DLM Administration
Also available as:
PDF
loading table of contents...

Replication of data on-premise to Google Cloud in HIVE

You must register the Google Cloud Storage cloud account with the DLP App. For more information, see Register cloud credentials.
You can replicate data on-premise to Google cloud with a single cluster. The metastore must be running on the cloud. There is no requirement to run the HiveServer 2 on the cloud environment. You must have Infra Admin or DLM Admin role to perform this set of tasks.
  1. Select Policies and click Add Policy. Select HIVE as the service in the Create Replication Policy page.
  2. Enter the replication policy name and description.
  3. Click SELECT SOURCE and choose Type, Source Cluster, and Select Database.
  4. Click SELECT DESTINATION and choose Type and Destination Cluster.
  5. Enter the Destination Database.
  6. Provide the Hive External Table Base Directory path: GCS://bucket_name/path
    The external table base directory path cannot be changed once the policy is created.
  7. Select Cloud Credential from the drop-down.
    Important
    Important
    If the target dataset is non-empty, a warning message appears - Target dataset directory /xxxx/xxx is not empty.
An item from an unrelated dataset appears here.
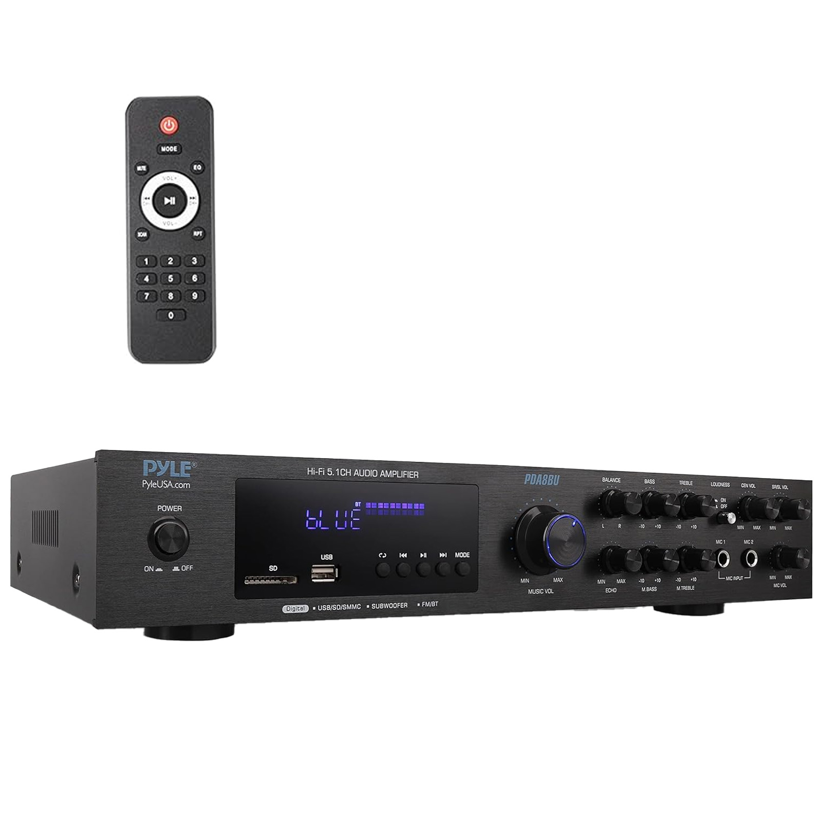 • RECEIVER: Pyle PDA8BU 5.1 Channel Amplifier System features a VFD screen display with Frequency level light, Built-in Bluetooth for Wireless Audio Streaming - Auto Scan, Memory, Radio Station PREVIOUS/NEXT Control - MP3 Digital Audio File Playback

You can proceed by selecting the supressWarnings check-box. Opting to select the check-box overwrites the target location, considering the conflict resolution between HDFS location and Hive External Table base location directory.
  8. Click VALIDATE.
  9. Once the validation is successful, click SCHEDULE.
  10. Configure the job settings for the replication policy.
  11. Click ADVANCED SETTINGS to set up the policy queue.
  12. Click CREATE POLICY.

    The data replication process is enabled.

    View job status from the policies page. Verify that the job starts and runs as expected.